▶ EXERCISE OBJECTIVE:
Excluding every picture, print exactly the lines from the one containing "1. DJI Avata" through the end of the material below, both ends included.

▶ SOURCE DATA:

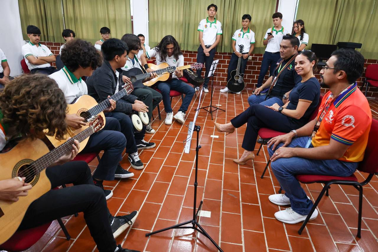 “Para mí, la música, el arte y la cultura son una prioridad, y vamos a seguir impulsándolos al máximo. Me encanta ver el talento que tienen; no lo dejen. Hoy les traemos más instrumentos para que continúen desarrollando su arte”, expresó Ana Paty Peralta ante los jóvenes, quienes compartieron piezas musicales en inglés y español como parte de su agradecimiento.
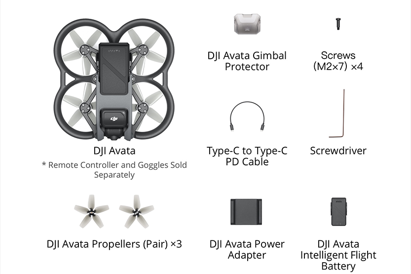 1. DJI Avata is compatible with DJI Goggles 2 (Sold Separately), DJI FPV Remote Controller 2 (Sold Separately), and DJI FPV Goggles V2 (Sold Separately).
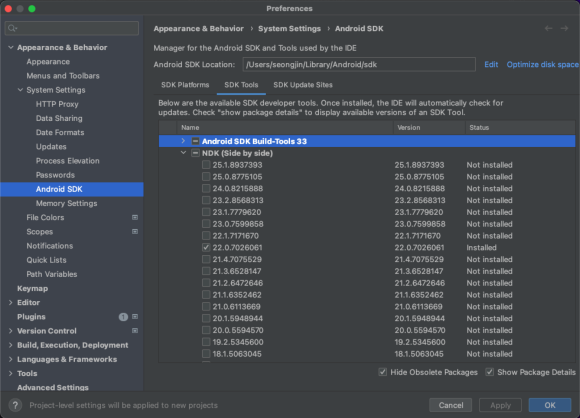 안드로이드 스튜디오를 통해 SDK가 설치된 경로를 확인하면 아래와 같다.

▶ REPLY TO THE TASK:
 1. DJI Avata is compatible with DJI Goggles 2 (Sold Separately), DJI FPV Remote Controller 2 (Sold Separately), and DJI FPV Goggles V2 (Sold Separately).
 안드로이드 스튜디오를 통해 SDK가 설치된 경로를 확인하면 아래와 같다.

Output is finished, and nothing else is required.